We first started camping in the Beaverkill in the summer of 1930. I recall vividly our first approach to the valley from the Beaverkill Road and the beautiful vista which opened up before our eyes!! My father was introducing us to camp life and we fell in love with it immediately, so he had a tent specially built to ensure our comfort, rain or shine.

We occupied what was then Campsite #6, on the river, just over the bridge and past the springhouse on the right side of the road. Our perishable food was refrigerated in the run-off from the spring into the river from under the road. The outhouses were up a steep hill behind the campsites (a little scary at night).
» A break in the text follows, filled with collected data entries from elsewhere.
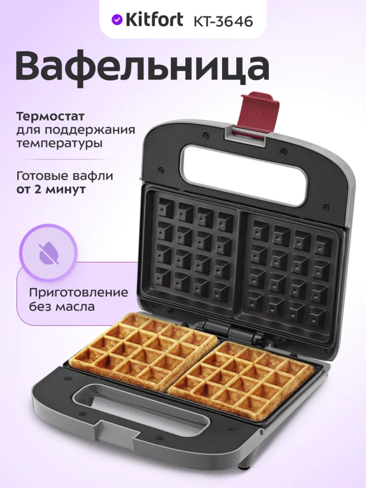 Эта электрическая вафельница предназначена для приготовления классических бельгийских вафель. Вафельницы Kitfort обеспечивают равномерное пропекание теста, благодаря чему вафли приобретают аппетитный золотистый цвет и ароматный вкус. Электрическая вафельница Kitfort — это мастерица в приготовлении вафель, которая легко справляется с задачей создания идеальных вафельных десертов.
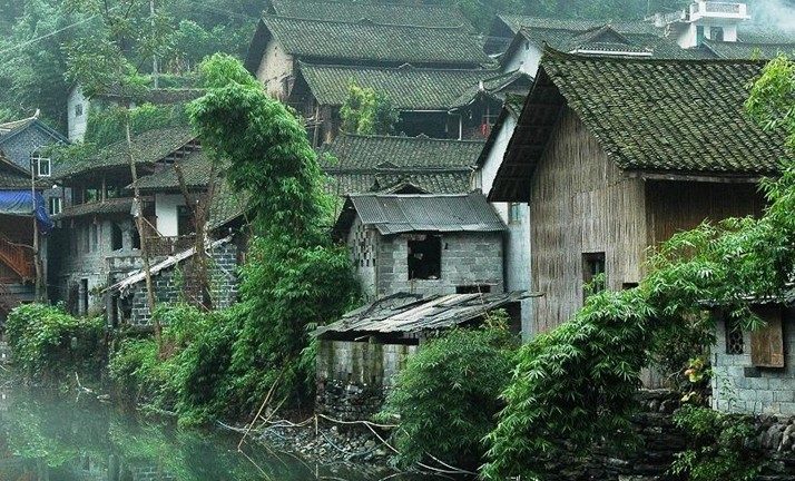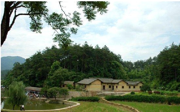 故居前有一口亩地左右的池塘,塘中有荷花,故又叫荷花塘,与之相毗邻的是南岸塘。荷花塘与南岸塘绿水莹莹,风过处,荡起缕缕涟漪。放眼青山,绿水、苍松和翠竹把这栋普通农舍映衬得生气盎然。
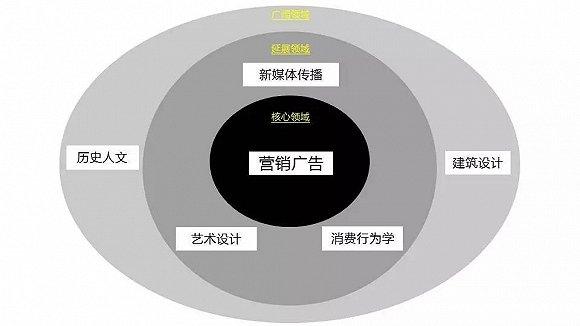 那么如何做到由專才向通才的轉變?Boy 的經驗是建立自己的知識關聯圖譜。拿我自己舉例,我的主業是廣告和營銷,圍繞著這個主業我可以拓展其他相關的知識領域,如下圖所示:

We spent many happy hours fishing, swimming, walking and enjoying campfire gatherings with lots of toasting and singing.

My father’s early death put an end to all this for several years, but my mother, brother and I managed to get to Beaverkill somehow.

In 1938 my mother purchased a car (I was to be the driver). Richard was working at a boys camp in Maine and I was recuperating from an illness, and practicing driving. The year we arrived in our new car, the CCC camp was disbanded (1939) and the cabin office building was moved to the edge of Andrew Ackerly’s hayfield on the bank of the river and along the cowpath to his lower pasture. We daily carried water from a spring which crossed that path. It was always so pleasant to hear the cowbells going and coming.
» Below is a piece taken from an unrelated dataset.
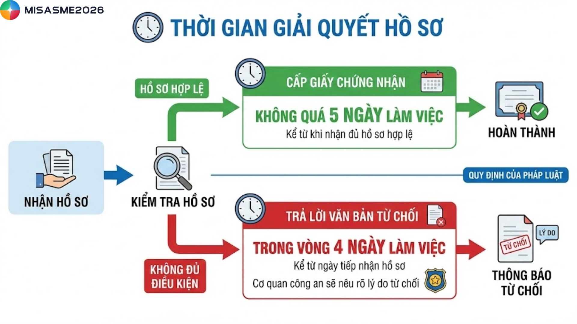 Thời gian cấp Giấy chứng nhận: không quá 5 ngày làm việc kể từ khi nhận đủ hồ sơ hợp lệ

My brother’s next fifteen summers were spent researching the chimney swift in preparation for his doctorate thesis but mother and I continued to enjoy the cabin every summer through 1966. I was working in New York City (we lived in Flushing, Long Island) and came up on the N.Y.O.& W. every weekend from Weehawken, New Jersey.

I have never forgotten the Beaverkill Valley and friends there, among them Charlie Fuhrer (the pharmacist) and Belle Sorkin Halperin, who ran Sorkin’s Department Store. I knew the Miners and the Vernooys as well as Andrew Ackerly, his wife Maggie, daughter Lucy and son Fred as well as Bill Morrissey on the Elm Hollow Road.
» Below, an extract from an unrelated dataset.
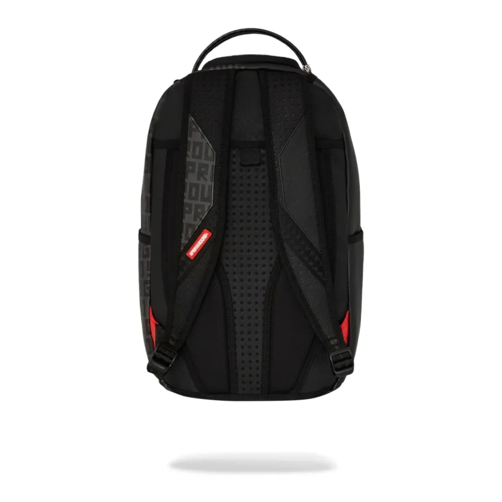 DLXV = 100% ECOPELLE Voorvak met rits Zijzakken Verborgen ritszak Apart vak voor zonnebril met fluweel Ergonomische achtervulling in net Verstelbare banden voor aangepaste afmetingen Ritsen met metalen hardware Badge “Sprayground Authentic” Schuifbare achterkant kan aan handbagage worden bevestigd voor handenvrij gebruik Apart vak voor laptop , waterbestendige vegan lederen stof Ongeveer 46x30x15 cm
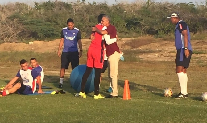 El timonel barranquillero que renunció por diferencias con el dirigente del equipo Fuad Char recibió abrazos y palabras de cariño y fortaleza por parte de los jugadores.

I have fond memories of walking with my brother and other kids to the Beaverkill post office and to Frank Kinch’s for milk. By the “other kids” I refer to those from Liberty; there were about eight of them. Dick Poley and Chester Fritz carved their names on the flat “diving rock” under the bridge. The carvings were still there when I had my last swim in the river in 1965.

In the years since, whenever I drove up to Ithaca to visit my brother, I never failed to drive down to the Beaverkill picnic grounds, get out of the car, walk around a bit and reminisce about the happiest times of my life in that beautiful community.

I dream often of looking out the window of the old bridge where the river forks to the left and right, carving my initials inside, along with my brother and the “other kids” and swimming against the strong current in that frigid water.